A despondent public, angry left-wingers and disgruntled trade unionists are all threatening to undermine German Chancellor Gerhard Schroeder's efforts to reform the troubled economy this summer.
Following a string of regional electoral defeats for Mr Schroeder's Social Democrats (SPD) this year, the party's traditional union allies and others on the left have decided it is time to force the government to backtrack on its so-called 'Agenda 2010', a package of unpopular labour-market reforms and welfare cuts.
'We want to correct the social imbalance and make sure it doesn't get any worse,' Juergen Peters, head of industrial union IG Metall, said last week. 'Just because the SPD says there's no alternative for the unions, we won't allow them to keep moving to the right and taking over conservative policies.'
Such rhetoric is already likely to be enough to ruin Mr Schroeder's summer holiday, but if a group of left-wing rebels can help it, Mr Peters and the unions may soon have another political party to work with.

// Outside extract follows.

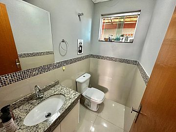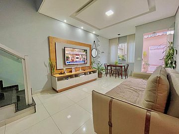 1° Pavimento: 01 sala ampla para dois ambientes; escritório embaixo da escada; 01 Lavabo de apoio; Cozinha toda planejada; área externa com Churrasqueira; Lavanderia separada.

Last week, 40 ex-SPD members and low-level union representatives in Berlin formed a group called Labour and Social Justice Election Alternative, which has the sole aim of supplanting the Social Democrats as Germany's leading party on the left.
For the moment, union bosses like Mr Peters are more interested in reversing the government's modernising course than ditching organised labour's longstanding ties to the SPD for an upstart party.